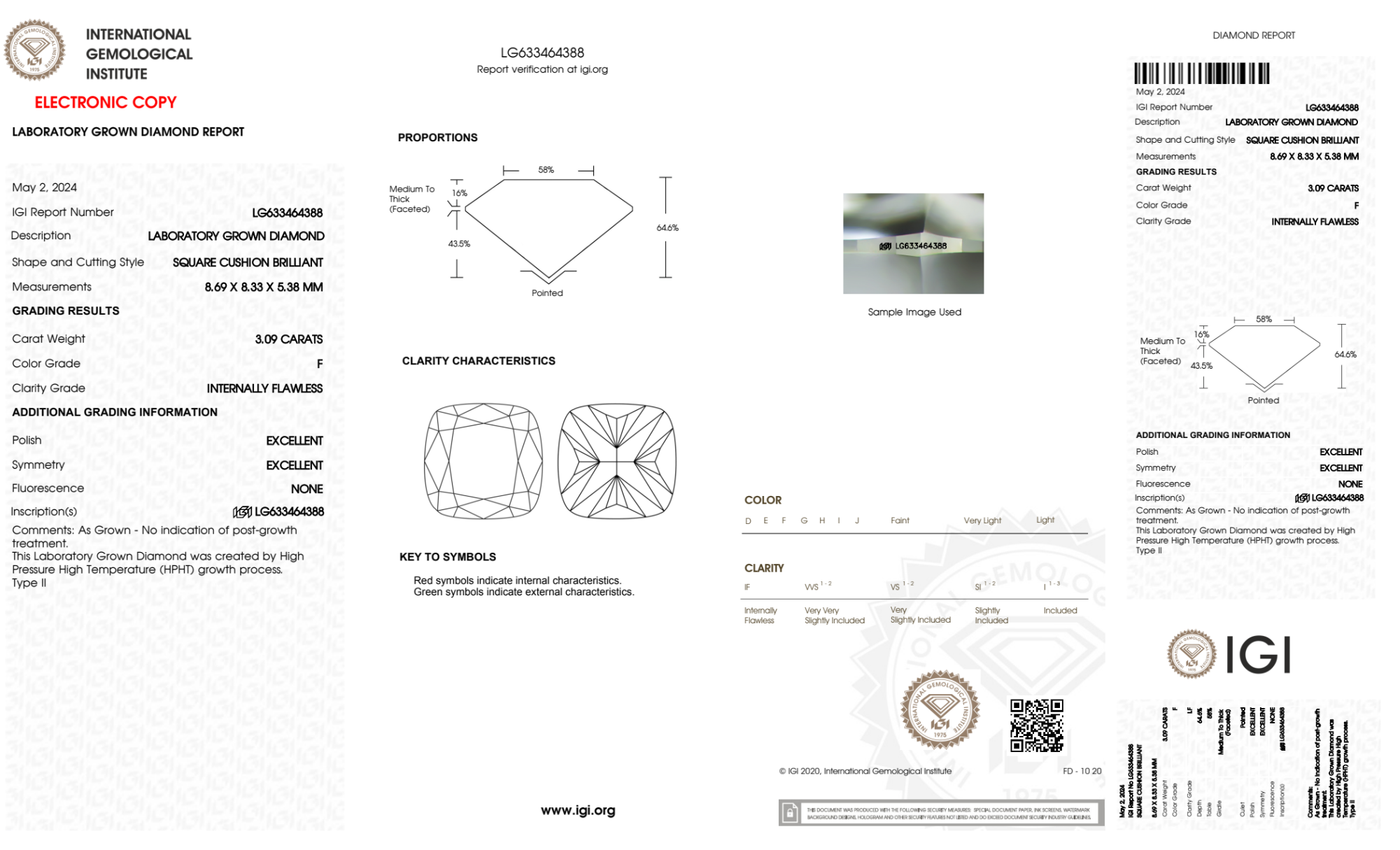 Your 3.09 carat Cushion lab diamond is graded IF clarity, which stands for Internally Flawless. Read more about IF clarity diamonds here, or learn more about diamond clarity in general here.
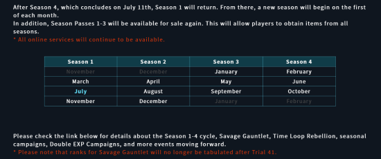 公告称,7月11日第四赛季结束后,第一赛季将会回归。此后,每个月的1日更换赛季,循环往复。除了限定活动外,每个赛季的通行证也会回归,方便玩家收集所有物品。
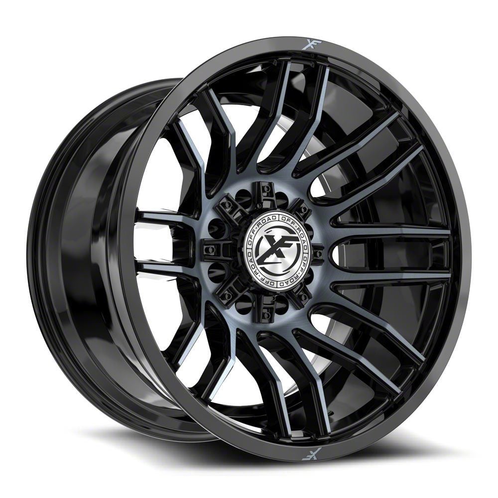 XF Offroad XF-232 Gloss Black and Machined Titanium Double Dark Tint 8-Lug Wheel; 20x10; -24mm Offset is a visually striking choice, offering a combination of rugged durability and modern styling. Its design complements off-road and sporty vehicles alike, enhancing the overall aesthetic appeal.
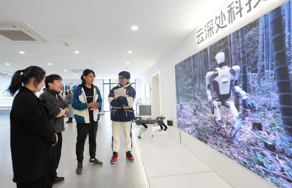 2月28日,杭州云深处科技有限公司技术支持团队的工程师为客户介绍一款人形机器人的应用。新华社记者 翁忻旸 摄
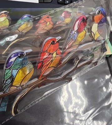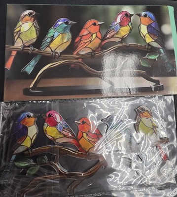 Modern Colorful Birds Ornament, Acrylic Tabletop Bird Figurine, Stained Birds On Branch Decor for Living Room, Bedroom, Desktop, Cabinets, Garden - 1 of 4

▶ [Your assignment]:
All of the data should be returned word for word, with each picture left out.

▶ [Solution]:
 Your 3.09 carat Cushion lab diamond is graded IF clarity, which stands for Internally Flawless. Read more about IF clarity diamonds here, or learn more about diamond clarity in general here.
 公告称,7月11日第四赛季结束后,第一赛季将会回归。此后,每个月的1日更换赛季,循环往复。除了限定活动外,每个赛季的通行证也会回归,方便玩家收集所有物品。
 XF Offroad XF-232 Gloss Black and Machined Titanium Double Dark Tint 8-Lug Wheel; 20x10; -24mm Offset is a visually striking choice, offering a combination of rugged durability and modern styling. Its design complements off-road and sporty vehicles alike, enhancing the overall aesthetic appeal.
 2月28日,杭州云深处科技有限公司技术支持团队的工程师为客户介绍一款人形机器人的应用。新华社记者 翁忻旸 摄
 Modern Colorful Birds Ornament, Acrylic Tabletop Bird Figurine, Stained Birds On Branch Decor for Living Room, Bedroom, Desktop, Cabinets, Garden - 1 of 4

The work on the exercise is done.